There are so many layers of data, especially in international education

Introduce in three words or phrases.

Organic innovator, creative processor and practical.

What do you like most about your job? 

I think one of the things that’s really wonderful about what I do is that I get to interact in so many different contexts, and then really explore the patterns of not just differences, but similarity in data. I love to see how the same issue is tackled in a completely different way in multiple contexts through data as well.

What was your proudest career moment. 

Here’s a spin on that; when I was younger, I built my first business as an artist, making my own work and selling it. It was really hard. I did it for five years and it taught me a lot. Then I went into university, did corporate education.

Coming all the way back to my work here at HolonIQ, you tend to forget how much you draw from the experiences you’ve had your whole life. You’re drawing on things that you learned when you were 20, that are still relevant even now. It’s not one moment for me.

What’s the biggest challenge to your profession?

The key challenge for HolonIQ is that there are so many layers of data, especially in international education – it’s all about trying to make sense of something that is so huge and so fragmented, and see through some of that. It is incredibly difficult to do.

When you’re using huge volumes of data, artificial intelligence can help – but the things we sometimes do and see with data as humans are about making novel connections and AI can’t do that. I’m not quite sure that’s a challenge yet, but it may become one in the future.

What’s the best work trip you’ve been on? 

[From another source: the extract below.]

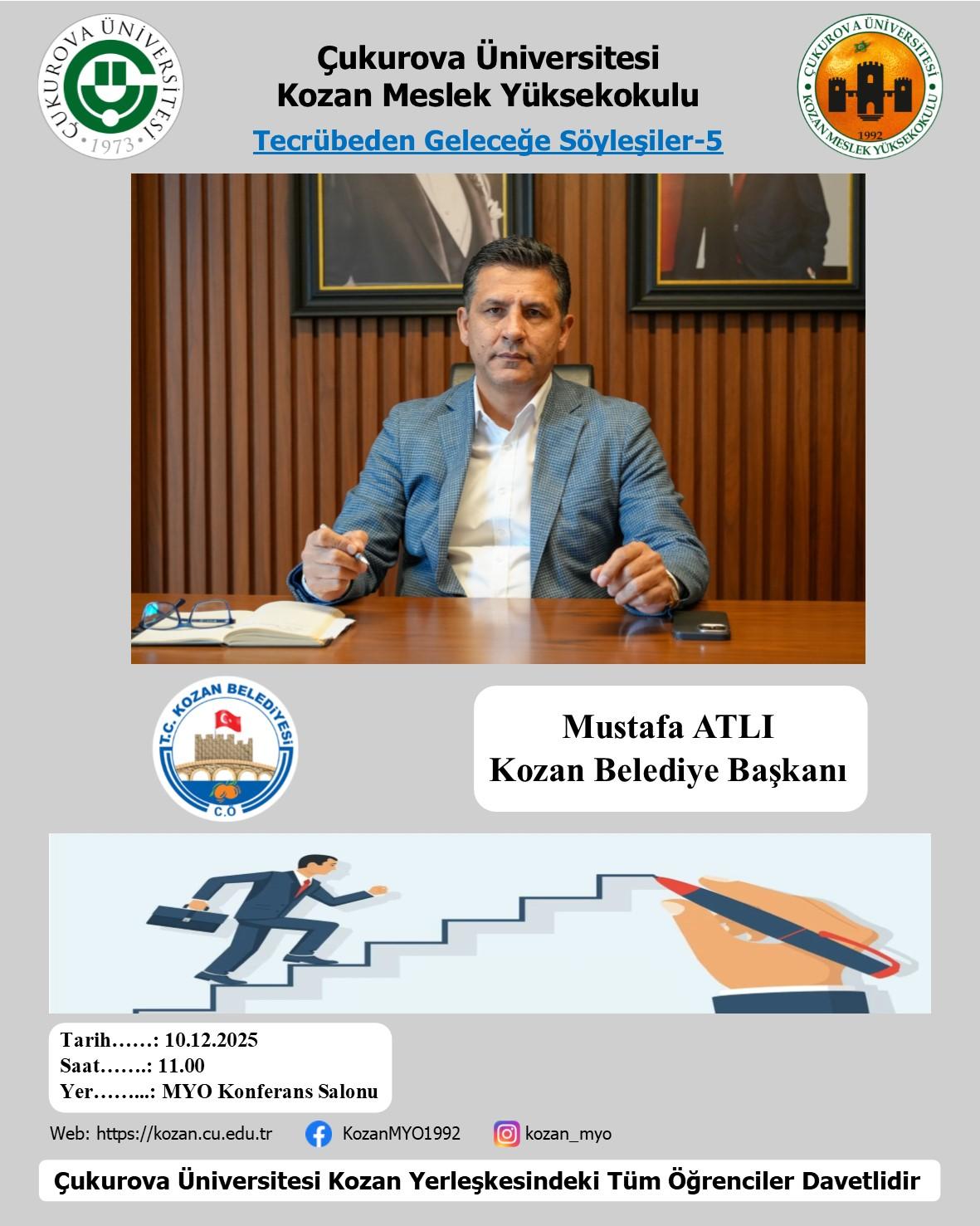 Tecrübeden Geleceğe Söyleşiler etkinliğimizin beşincisinde Kozan Belediye Başkanı Sayın Mustafa ATLI 10.12.2025 Çarşamba günü yüksekokulumuz konferans salonunda saat 11.00’de öğrencilerimiz ile bir araya gelecektir. Ç.Ü. Kozan Yerleşkesindeki tüm öğrencilerimiz davetlidir.

One of the most interesting was to Egypt. I’d not been there before, but it was the integration of work into the society and the environment.

What I found in that market is that the vibrancy and the connection between what they were doing and how they were doing it and their friends, life and work was all really interconnected in a way that was different than I’d seen before.

If you could learn one language instantly, what would it be? 

“The things we sometimes do and see with data as humans are about making novel connections – and AI can’t do that”

That’s a tough one. There’s something very real and grounded about the Italian language – it’s expressive, and the cadence is very beautiful. When I think of Italian, it’s like a million pictures run through my mind; the people, the culture the history, the art, the creativity, the passion.

The other thing about it is that there isn’t a spoken word that doesn’t include a physical expression, and I love that.

What’s a book or podcast recommendation you have for the sector? 

Well, I’ve been doing a doctorate in higher education so my reading has mostly just been papers on universities and higher education and such for the past five years. In terms of podcasts, the EdTech podcast, which interviews people from all different parts of the edtech ecosystem, is fascinating.